[Collected data entries]
========

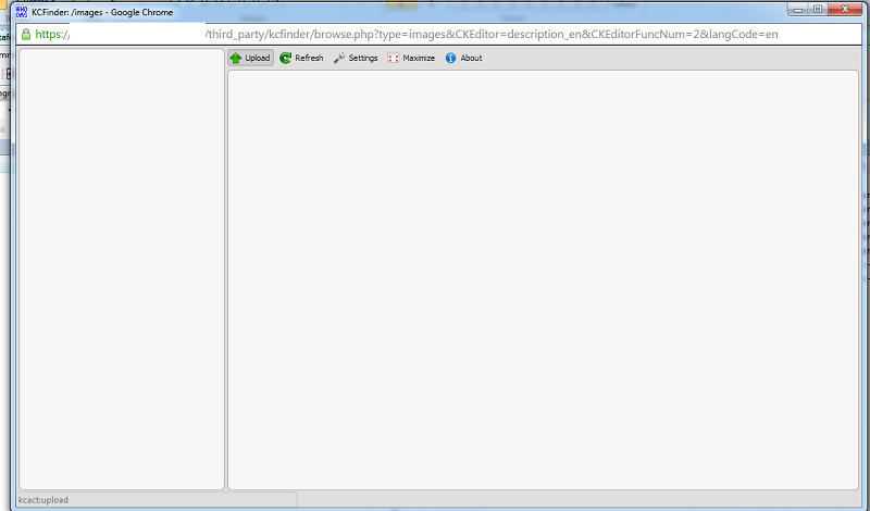 In the Survey editor, after I clicked on the Image > Browse Server, the KCFinder editor pops up but when click on any of the buttons (Upload, Refresh, Settings etc), nothing will happen, as seen in Chrome.
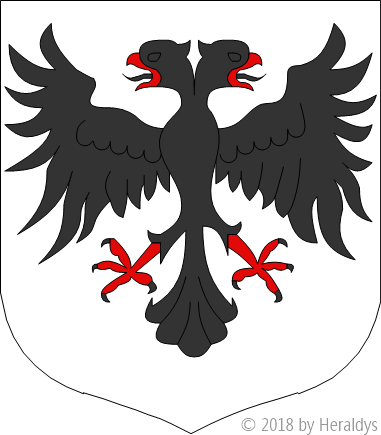 D'argent, à l'aigle éployée de sable, becquée et membrée de gueules
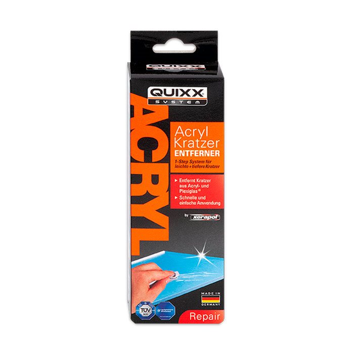 Ved hjælp af den særlige polering fra QUIXX Acryllic Scratch Remover kan dybe og brede ridser i akryl- og Plexiglas®-overflader let, hurtigt og sikkert fjernes. Nye som gamle. På den måde kan du undgå dyre reparationer og endda en eventuel udskiftning af det ridsede.
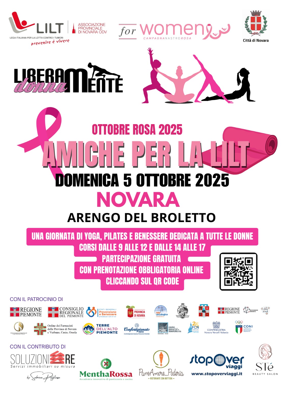 Amiche per la LILT: Domenica 5 ottobre l’Arengo del Broletto sarà allestito con 60 tappetini rosa per un’intera giornata di yoga, pilates e benessere dedicata a tutte le donne, ideata e organizzata con la collaborazione della palestra liberaMente Donna. Le lezioni si svolgeranno dalle 9 alle 12 e dalle 14 alle 17 e la partecipazione è gratuita. L’iniziativa, realizzata in collaborazione con la Città di Novara, è resa possibile grazie a Soluzioni Re Servizi Immobiliari come sponsor principale e al contributo di MenthaRossa, Pane Amore Poderia, Stopover Viaggi e STé Beauty Salon. Iscrizioni online a questo link: http://bit.ly/amicheperlalilt
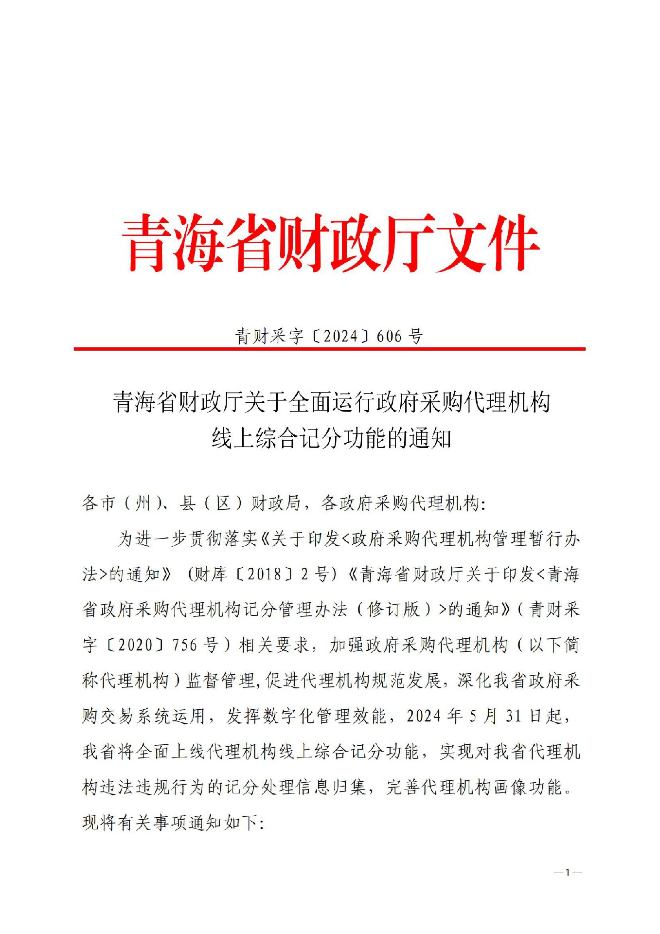 青海省財政廳關(guān)于全面運行政府采購 代理機構(gòu)線上綜合記分功能的通知
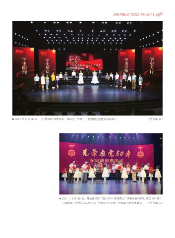 庆祝中国共产党成立 100 周年丨 2021 年 6 月 18 日,“礼赞百年 致敬风华”萧山区“弄潮儿”宣讲团主题宣讲活动举行 (范方斌 摄) 2021 年 6 月 29 日,萧山区举办“百年风华 奔竞萧山”庆祝中国共产党成立 100 周年 主题晚会。图为少先队员向获“光荣在党 50 年”纪念章的老党员献花 (范方斌 摄)
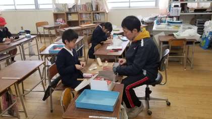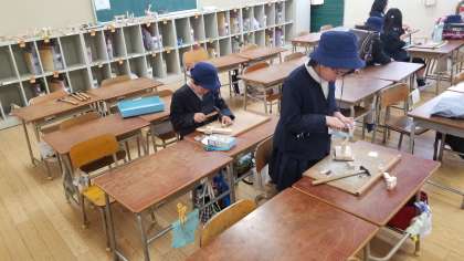 先生と一緒に図画工作の作業をしています。金槌を器用に使ったり、紙やすりで丁寧に仕上げの作業をしていました。先生とのおしゃべりも楽しそうでした。
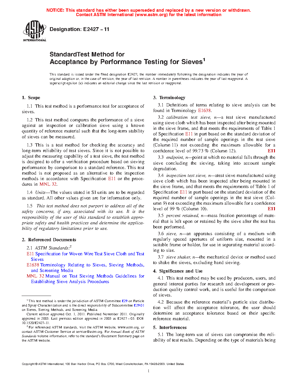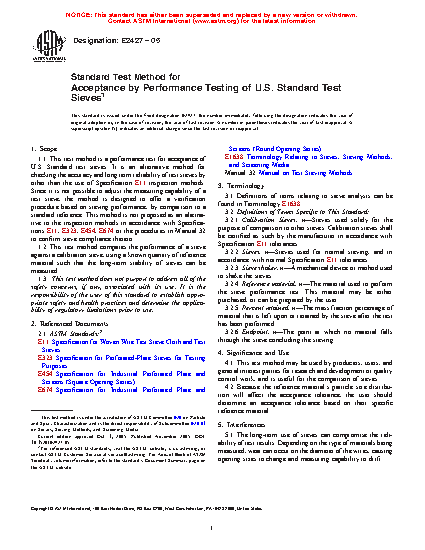 1.3 This is a test method for checking the accuracy and long-term reliability of test sieves. Since it is not possible to adjust the measuring capability of a test sieve, the test method is designed to offer a verification procedure based on sieving performance by comparison to a standard reference. This test method is not proposed as an alternative to the inspection methods in accordance with Specification E11 or the procedures in MNL 32.
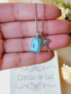 COLAR COM PINGENTE DUPLO REMOVÍVEL FÉ E PEDRA NATURAL - Cordão de Luz Joias Finas
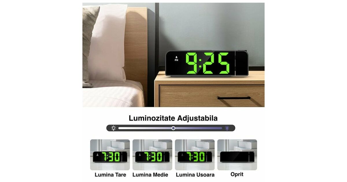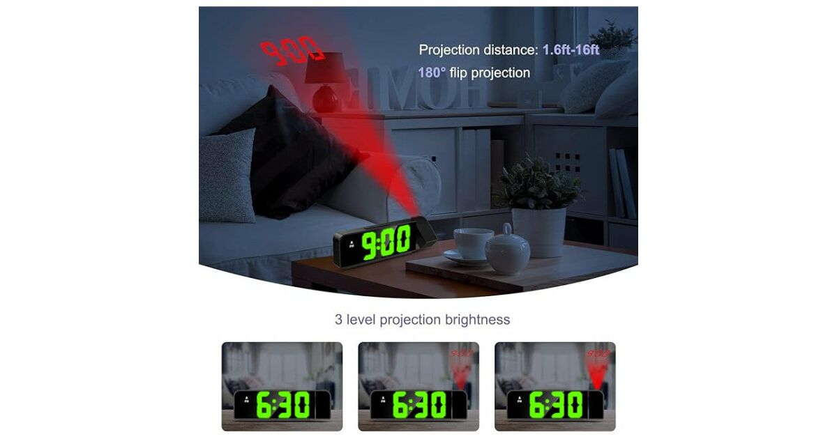 - Klare Projektion: Projiziert die Uhrzeit bis zu 5 Meter weit, mit einstellbarer Helligkeit.

========

**Work item:** Reproduce exactly, with nothing added, the lines from the line with "COLAR COM PINGENTE" through the end of the entries above; pictures are to be left out.

**Written solution:**
 COLAR COM PINGENTE DUPLO REMOVÍVEL FÉ E PEDRA NATURAL - Cordão de Luz Joias Finas
 - Klare Projektion: Projiziert die Uhrzeit bis zu 5 Meter weit, mit einstellbarer Helligkeit.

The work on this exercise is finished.